● **Assigned task**
Write out the records in full and without alteration, setting aside their pictures.

● **Provided records**
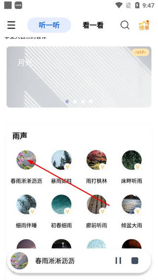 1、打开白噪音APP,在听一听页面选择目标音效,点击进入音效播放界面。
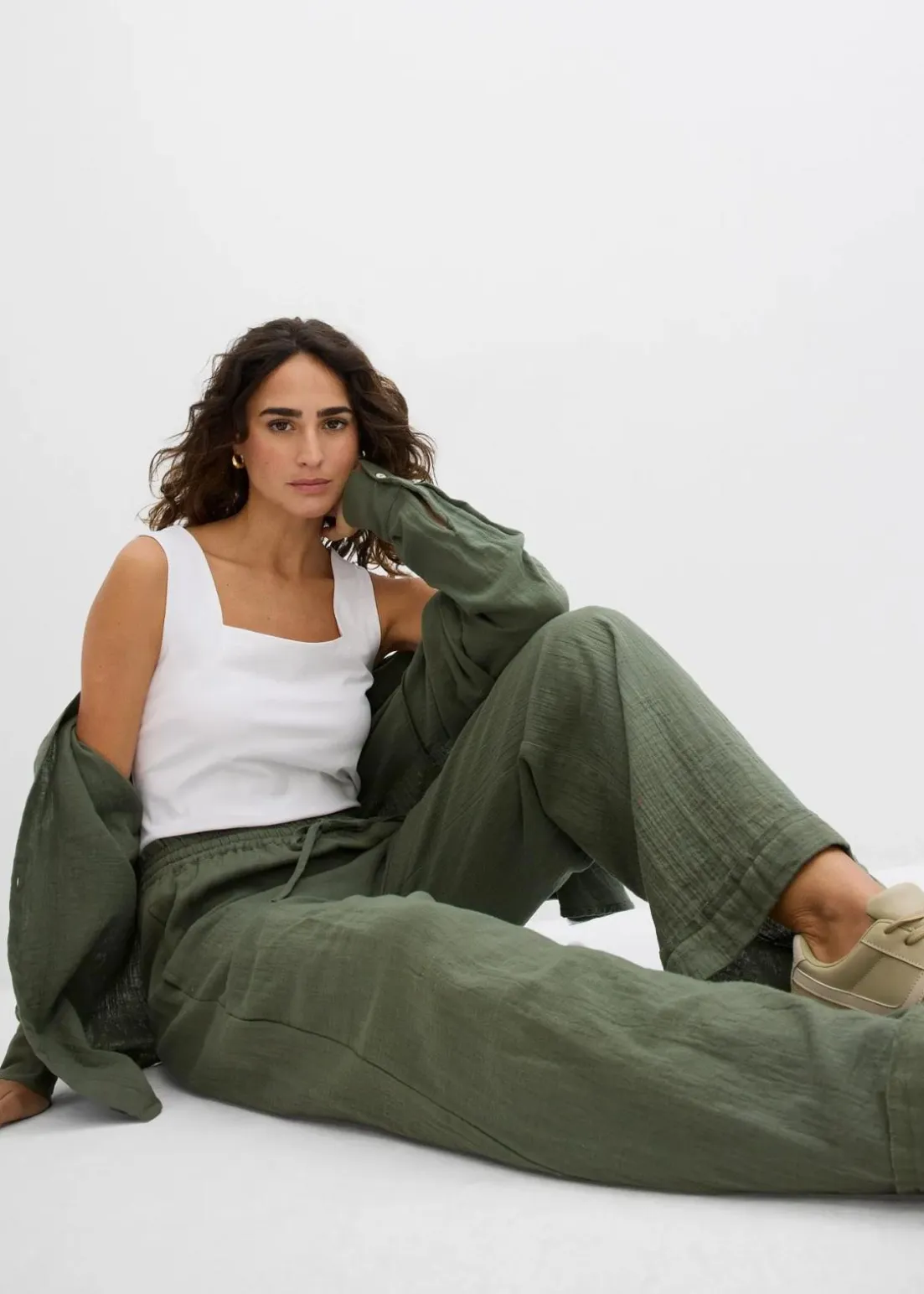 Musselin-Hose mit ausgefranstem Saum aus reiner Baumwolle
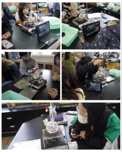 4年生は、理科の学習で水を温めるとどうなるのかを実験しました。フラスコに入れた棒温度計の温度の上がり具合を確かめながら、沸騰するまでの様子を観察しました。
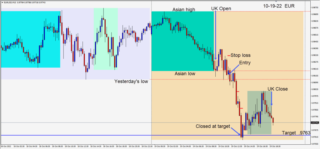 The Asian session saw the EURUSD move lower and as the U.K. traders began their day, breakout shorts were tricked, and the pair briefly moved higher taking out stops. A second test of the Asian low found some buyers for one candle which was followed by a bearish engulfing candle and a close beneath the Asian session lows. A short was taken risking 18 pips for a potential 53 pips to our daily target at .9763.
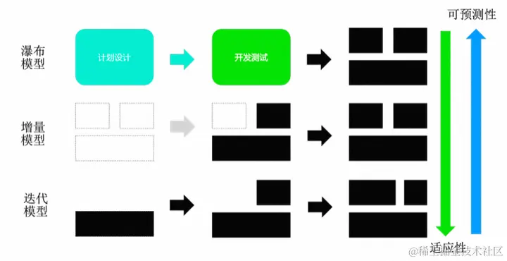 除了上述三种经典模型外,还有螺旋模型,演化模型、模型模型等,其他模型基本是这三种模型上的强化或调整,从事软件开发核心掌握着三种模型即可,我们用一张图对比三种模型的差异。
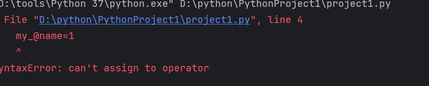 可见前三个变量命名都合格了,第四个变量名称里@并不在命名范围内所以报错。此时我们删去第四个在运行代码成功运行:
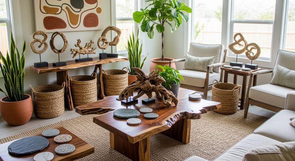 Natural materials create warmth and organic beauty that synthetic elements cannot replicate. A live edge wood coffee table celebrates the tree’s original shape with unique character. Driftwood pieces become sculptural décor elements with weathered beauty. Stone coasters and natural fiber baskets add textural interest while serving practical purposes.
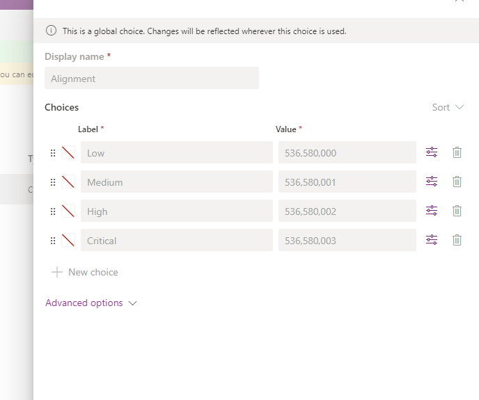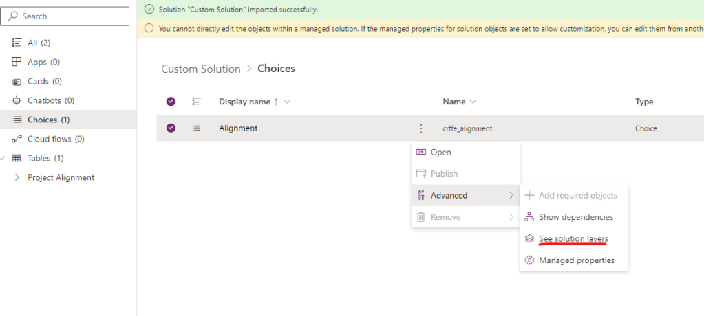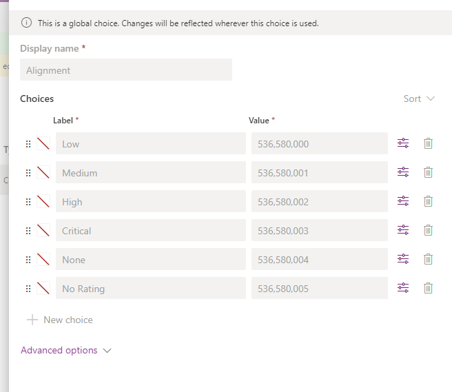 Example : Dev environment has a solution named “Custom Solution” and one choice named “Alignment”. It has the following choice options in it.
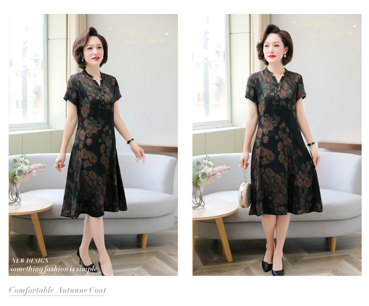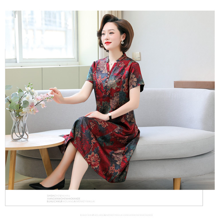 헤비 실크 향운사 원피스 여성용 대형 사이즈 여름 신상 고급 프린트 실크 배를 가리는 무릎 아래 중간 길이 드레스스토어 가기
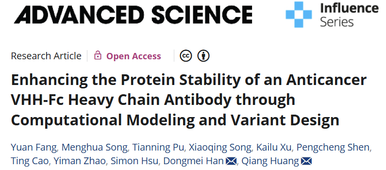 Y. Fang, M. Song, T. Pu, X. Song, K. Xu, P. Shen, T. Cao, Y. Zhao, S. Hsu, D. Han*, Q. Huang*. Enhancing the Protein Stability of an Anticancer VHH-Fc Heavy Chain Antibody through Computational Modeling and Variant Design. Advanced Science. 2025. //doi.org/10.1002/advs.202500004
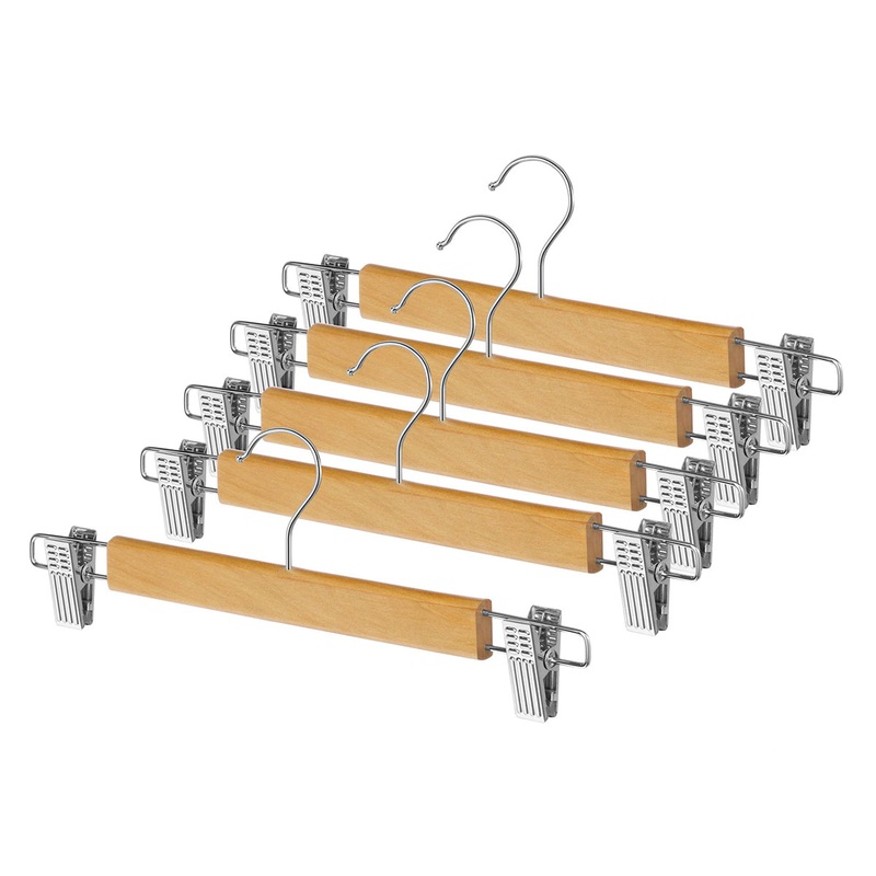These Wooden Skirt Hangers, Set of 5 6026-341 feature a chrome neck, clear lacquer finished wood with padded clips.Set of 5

● **Exercise response**
 1、打开白噪音APP,在听一听页面选择目标音效,点击进入音效播放界面。
 Musselin-Hose mit ausgefranstem Saum aus reiner Baumwolle
 4年生は、理科の学習で水を温めるとどうなるのかを実験しました。フラスコに入れた棒温度計の温度の上がり具合を確かめながら、沸騰するまでの様子を観察しました。
 The Asian session saw the EURUSD move lower and as the U.K. traders began their day, breakout shorts were tricked, and the pair briefly moved higher taking out stops. A second test of the Asian low found some buyers for one candle which was followed by a bearish engulfing candle and a close beneath the Asian session lows. A short was taken risking 18 pips for a potential 53 pips to our daily target at .9763.
 除了上述三种经典模型外,还有螺旋模型,演化模型、模型模型等,其他模型基本是这三种模型上的强化或调整,从事软件开发核心掌握着三种模型即可,我们用一张图对比三种模型的差异。
 可见前三个变量命名都合格了,第四个变量名称里@并不在命名范围内所以报错。此时我们删去第四个在运行代码成功运行:
 Natural materials create warmth and organic beauty that synthetic elements cannot replicate. A live edge wood coffee table celebrates the tree’s original shape with unique character. Driftwood pieces become sculptural décor elements with weathered beauty. Stone coasters and natural fiber baskets add textural interest while serving practical purposes.
 Example : Dev environment has a solution named “Custom Solution” and one choice named “Alignment”. It has the following choice options in it.
 헤비 실크 향운사 원피스 여성용 대형 사이즈 여름 신상 고급 프린트 실크 배를 가리는 무릎 아래 중간 길이 드레스스토어 가기
 Y. Fang, M. Song, T. Pu, X. Song, K. Xu, P. Shen, T. Cao, Y. Zhao, S. Hsu, D. Han*, Q. Huang*. Enhancing the Protein Stability of an Anticancer VHH-Fc Heavy Chain Antibody through Computational Modeling and Variant Design. Advanced Science. 2025. //doi.org/10.1002/advs.202500004
These Wooden Skirt Hangers, Set of 5 6026-341 feature a chrome neck, clear lacquer finished wood with padded clips.Set of 5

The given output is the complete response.